Ronald “Sweetie” Crouch’s years of working on tugboat engines prepared him for a time such as this. When the Watkinses’ generator stopped working late one night, Crouch examined the inner machinery and diagnosed the cause to be an overworked engine.

He spent an hour draining blackened liquid from their generator before Emmett Tillery III walked over to help. “You need engine oil,” he advised, before instructing his daughter to retrieve the same oil he had bought for himself that morning, to use it instead in the Watkinses’ generator.

“Sweetie is a lifesaver,” Watkins said. The motor coughed gray smoke, sputtered and shrieked before it was made the sound Jasmine Watkins knew was the right one.

“This is a neighborhood that takes care of each other,” said Kiana Gautreaux, who grew up on the street.

Part IV: Lights on

The power returned to Yorktowne Drive on Sept. 19, more than three weeks after Hurricane Ida made landfall. But before that, there were signs of recovery. Gas and food were easier to find. The water was working again, though intermittently. Even so, there was a sense of uneasiness among the neighbors. No one thought this was the last time they would have to pull together like this.

As the weeks without power wore on, the neighborhood eased back into its old routine. Neighbors cleaned out their waterlogged homes in anticipation of debris pickup. Grandmothers walked their grandbabies down the street. Kids played games outside.

But anxiety lingered. Southeast Louisiana is home, but you can’t build anything here, Jasmine Watkins worried. At 25, she had goals, wants and things to do, but she also had a mother who needs her. She wanted to continue her collegiate studies in health-care management, taking after Sandy Watkins, who worked in a hospital for 18 years before an injury ended her working life.

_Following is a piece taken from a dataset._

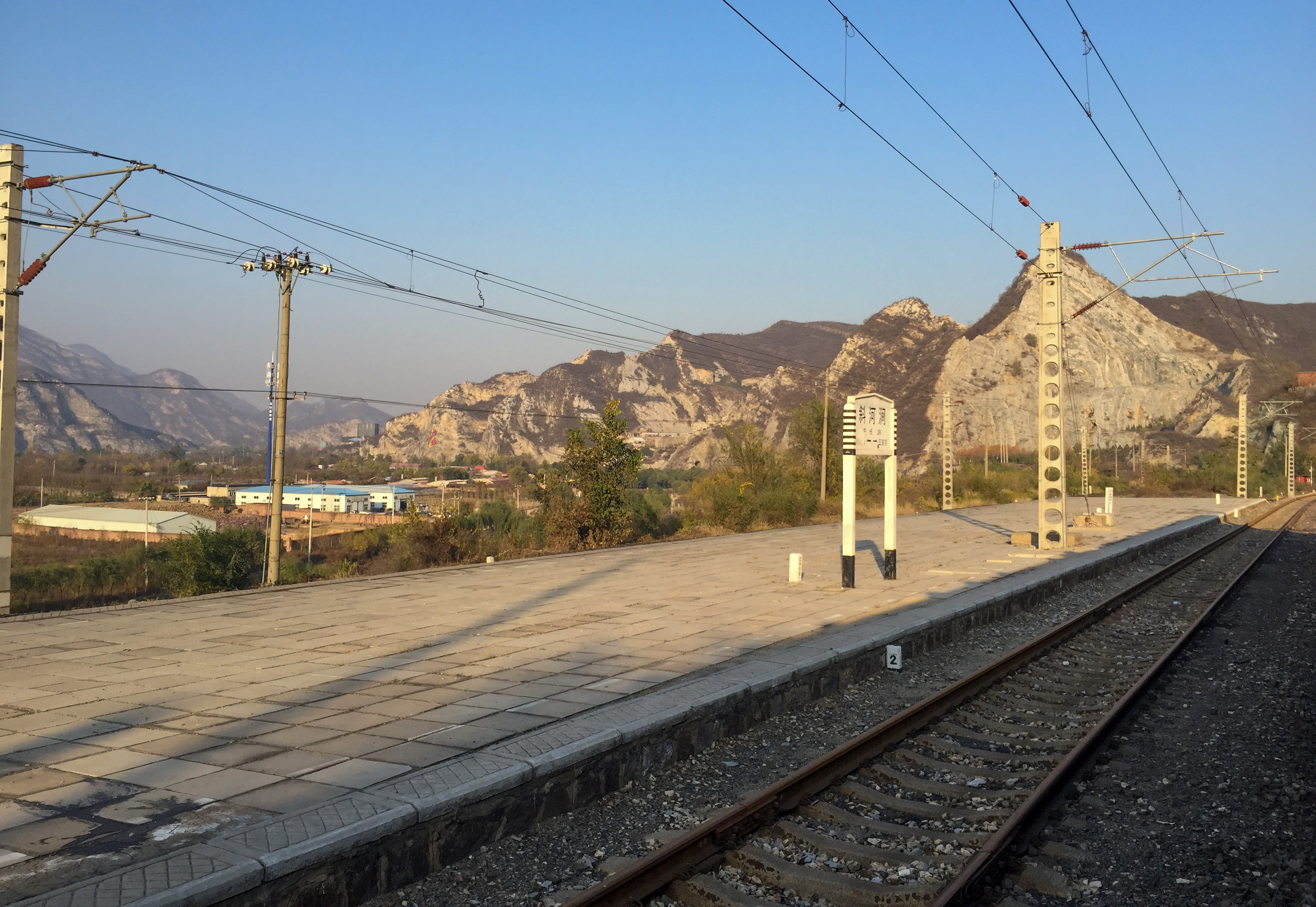 Note the Miaofengshan markings.

But can she do it in LaPlace?

Watkins has kept a journal of verses she composes when life gets overwhelming. The idea came from one of her college instructors, who assigned the class to write songs about everyday life.

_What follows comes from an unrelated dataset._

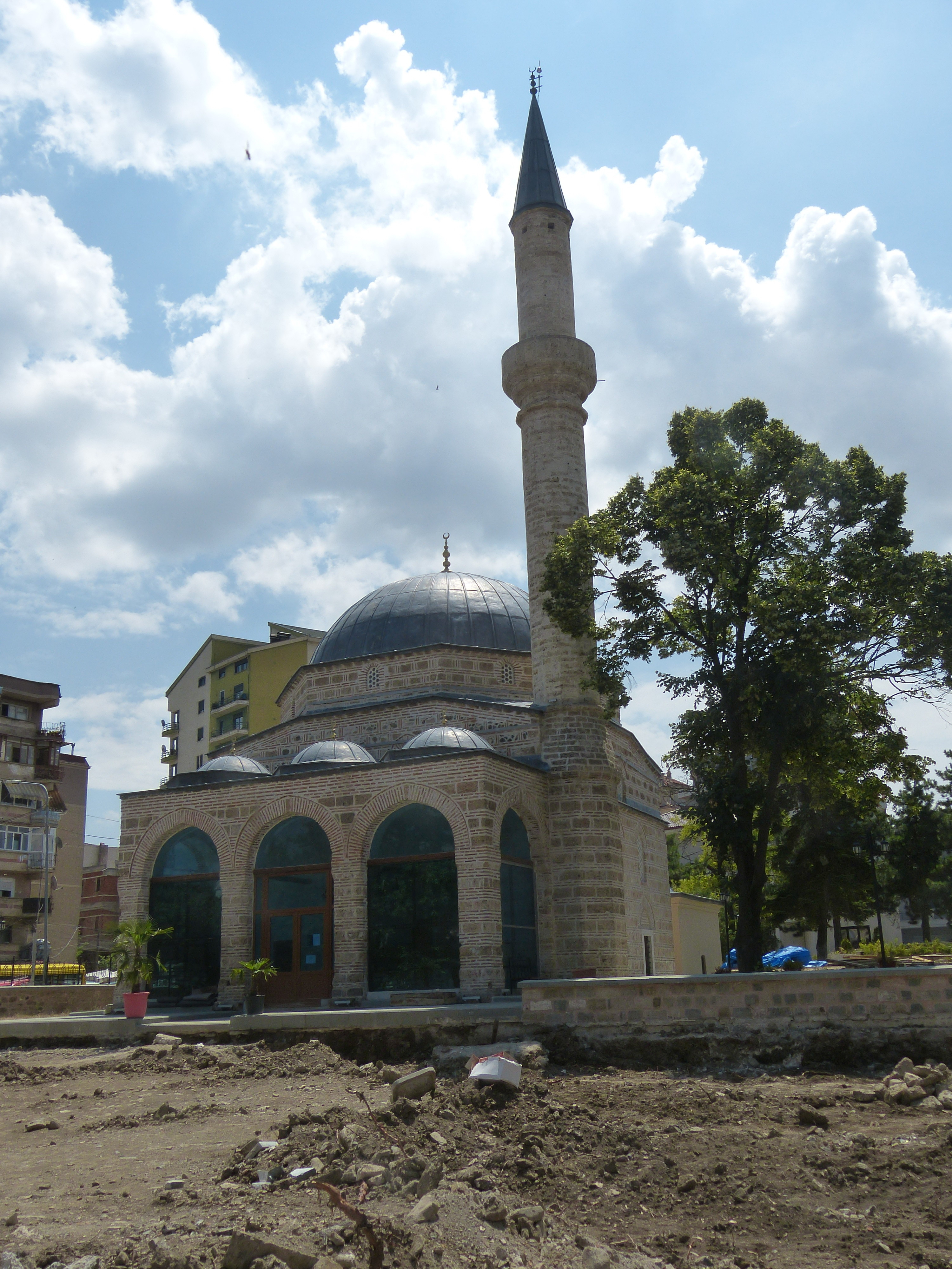 Korçë ( Albania ). Mirahor mosque ( 1496 )

Writing sanctifies the ugly feelings that threaten to incapacitate her. She locks those thoughts in her heart, for fear of upsetting the rest of her family, and puts it on paper. Watkins rereads her entries after the suffering has passed. She wondered when she would be ready to read the Ida chronicles.

That feeling echoed across the 1300 block of Yorktowne Drive. The families here are borne up by their community. Breakdowns are repelled by a neighborly chat. The people on this block can turn to each other to improvise as best they know how. They are not without because they have within.

But that collective experience does not change reality: Their southeastern Louisiana parish, like so many other areas across the country, requires more to face a changing climate of ever-more-violent weather. Their infrastructure is too old. Their local government is too under-resourced. And this will not the be the last American neighborhood block to endure the disruption, displacement and chaos of powerlessness.

But whatever happens next: “We know we all got each other,” said LaKeisha Crouch.